One track I'd recommend: No. I refuse. You should listen to all of If My Wife New I'd Be Dead then Crazymad, for me then this whole album and I will accept nothing less. You can thank me later.
Number 1 - Ego Death At A Bachelorette Party by Hayley Williams
If there's one thing that 2025 and this whole musical journey has made abundantly clear to me it's that you should make an effort to surround yourself with people who will, out of the blue, hear something and think about you, then send you a Whatsapp message which in turn delivers to you your favourite album of the entire year. Like this:-
Georgie's message at the start of August might have fallen on deaf ears or got shuffled to the back of my mental to do list otherwise. I wasn't expecting a solo project from the lead singer of Paramore to deliver the truly most unexpectedly introspective, self-aware, vulnerable and brilliant album of the year. I didn't think it was possible for someone to interpolate the chorus from The Bloodhound Gangs The Bad Touch and make it meaningful and devastating.
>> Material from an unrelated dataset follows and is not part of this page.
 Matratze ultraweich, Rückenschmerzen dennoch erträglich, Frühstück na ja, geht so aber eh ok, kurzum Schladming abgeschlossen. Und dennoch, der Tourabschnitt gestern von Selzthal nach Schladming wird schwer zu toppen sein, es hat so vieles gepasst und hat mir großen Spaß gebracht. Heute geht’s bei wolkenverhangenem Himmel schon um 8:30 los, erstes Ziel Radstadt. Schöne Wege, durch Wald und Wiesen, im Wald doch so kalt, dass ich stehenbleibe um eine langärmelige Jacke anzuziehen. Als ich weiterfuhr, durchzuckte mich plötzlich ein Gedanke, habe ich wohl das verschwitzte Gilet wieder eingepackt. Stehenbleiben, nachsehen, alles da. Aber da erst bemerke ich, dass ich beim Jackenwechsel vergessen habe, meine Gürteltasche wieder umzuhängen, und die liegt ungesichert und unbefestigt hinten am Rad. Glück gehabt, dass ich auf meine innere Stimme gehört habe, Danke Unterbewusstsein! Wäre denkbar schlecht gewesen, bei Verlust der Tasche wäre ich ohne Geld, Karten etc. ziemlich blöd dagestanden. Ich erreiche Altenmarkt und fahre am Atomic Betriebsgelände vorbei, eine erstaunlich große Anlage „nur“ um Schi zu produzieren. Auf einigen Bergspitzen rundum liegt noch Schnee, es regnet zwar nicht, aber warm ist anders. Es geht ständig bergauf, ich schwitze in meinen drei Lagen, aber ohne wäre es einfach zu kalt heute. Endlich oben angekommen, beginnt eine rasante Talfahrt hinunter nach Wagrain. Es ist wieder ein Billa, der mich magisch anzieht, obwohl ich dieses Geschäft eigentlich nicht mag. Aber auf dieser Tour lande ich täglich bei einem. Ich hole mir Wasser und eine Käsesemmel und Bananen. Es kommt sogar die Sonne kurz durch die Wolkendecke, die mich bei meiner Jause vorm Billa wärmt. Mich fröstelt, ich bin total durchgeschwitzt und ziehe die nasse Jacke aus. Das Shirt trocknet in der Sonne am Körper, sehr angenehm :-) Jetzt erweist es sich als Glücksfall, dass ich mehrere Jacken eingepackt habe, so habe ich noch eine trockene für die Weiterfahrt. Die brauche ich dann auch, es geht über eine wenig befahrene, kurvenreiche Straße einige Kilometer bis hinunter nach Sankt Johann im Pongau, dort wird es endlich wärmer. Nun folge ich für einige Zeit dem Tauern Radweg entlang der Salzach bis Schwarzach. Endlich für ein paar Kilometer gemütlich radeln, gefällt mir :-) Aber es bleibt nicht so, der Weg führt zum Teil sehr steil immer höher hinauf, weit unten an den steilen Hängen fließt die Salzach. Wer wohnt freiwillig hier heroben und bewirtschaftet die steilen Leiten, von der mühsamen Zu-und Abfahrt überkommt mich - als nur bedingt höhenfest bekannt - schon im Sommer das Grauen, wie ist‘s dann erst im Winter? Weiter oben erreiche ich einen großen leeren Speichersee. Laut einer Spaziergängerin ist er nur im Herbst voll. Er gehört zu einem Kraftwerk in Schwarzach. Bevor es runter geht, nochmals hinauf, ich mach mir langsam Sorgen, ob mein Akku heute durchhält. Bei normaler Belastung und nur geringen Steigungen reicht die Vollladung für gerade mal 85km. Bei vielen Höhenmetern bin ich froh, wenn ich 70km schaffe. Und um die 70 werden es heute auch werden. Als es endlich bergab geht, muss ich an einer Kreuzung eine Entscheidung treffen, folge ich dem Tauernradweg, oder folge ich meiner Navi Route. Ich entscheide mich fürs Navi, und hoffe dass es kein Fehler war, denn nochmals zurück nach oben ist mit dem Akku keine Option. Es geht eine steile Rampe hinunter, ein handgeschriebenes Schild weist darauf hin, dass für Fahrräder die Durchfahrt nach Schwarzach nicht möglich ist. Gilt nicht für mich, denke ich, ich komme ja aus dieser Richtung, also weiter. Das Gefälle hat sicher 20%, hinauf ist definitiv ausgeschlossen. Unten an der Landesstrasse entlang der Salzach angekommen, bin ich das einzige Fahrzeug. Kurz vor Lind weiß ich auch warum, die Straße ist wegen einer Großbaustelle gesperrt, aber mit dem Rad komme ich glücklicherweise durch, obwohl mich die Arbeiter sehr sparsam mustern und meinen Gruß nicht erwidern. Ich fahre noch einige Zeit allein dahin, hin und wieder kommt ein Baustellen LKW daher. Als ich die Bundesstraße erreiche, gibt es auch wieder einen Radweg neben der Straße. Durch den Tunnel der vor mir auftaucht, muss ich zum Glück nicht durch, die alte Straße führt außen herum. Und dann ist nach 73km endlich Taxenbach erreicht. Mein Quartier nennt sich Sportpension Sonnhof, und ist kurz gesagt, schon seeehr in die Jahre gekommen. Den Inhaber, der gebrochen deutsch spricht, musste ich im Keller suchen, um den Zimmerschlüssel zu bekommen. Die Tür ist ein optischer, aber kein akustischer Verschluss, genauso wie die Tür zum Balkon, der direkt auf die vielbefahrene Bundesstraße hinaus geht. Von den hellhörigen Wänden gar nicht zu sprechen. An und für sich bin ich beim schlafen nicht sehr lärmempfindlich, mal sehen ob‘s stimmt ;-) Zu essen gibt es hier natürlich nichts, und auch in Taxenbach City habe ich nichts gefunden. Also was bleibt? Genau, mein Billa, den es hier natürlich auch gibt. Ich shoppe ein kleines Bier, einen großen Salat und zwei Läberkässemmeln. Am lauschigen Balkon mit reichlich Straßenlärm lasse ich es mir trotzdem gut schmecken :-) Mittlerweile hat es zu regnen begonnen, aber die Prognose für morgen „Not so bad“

I didn't think it was possible to write a pop-punk celebration of your own reliance on anti-anxiety medication. I didn't think it was possible to write the most concise summation of the collapse of social systems the US South as four minute musical tirade which has remained stuck in my brain for five months without pause. I didn't have any expectations for this album or what it could be - I was expecting something just, I guess, more like Paramore. That lack of preconceptions left me completely blindsided; I was expecting the CMAT album this year to be good, funny, smart, well written and full of songs I couldn't pry out of my renegade subconscious. I wasn't expecting all that to be true of this album as well, and so it sits here as my favourite album of the year without real competition.
If you think you know what this album is, or will be, if you've dismissed it out of hand as some self-indulgent solo project from the singer in a pop punk band, you're only letting yourself down. It's a singular creation that will occupy a significant part of my listening in the coming year, of that I am sure. So, take my recommendation, a stranger (or not) on the internet. Go, listen to this album, all the way through, and then tell me what you think. That's how it starts.
Happy New Year.
* I have about 200 albums still to write about throughout the course of the next few months before I am officially done, but the listening part is over.
** I'm still going back and forth with Geese if I am honest. I find the music they make extremely interesting but I'm struggling to get past Cameron Winter's vocal delivery which really doesn't sit very well with me. This one is still a puzzle I'm trying to solve.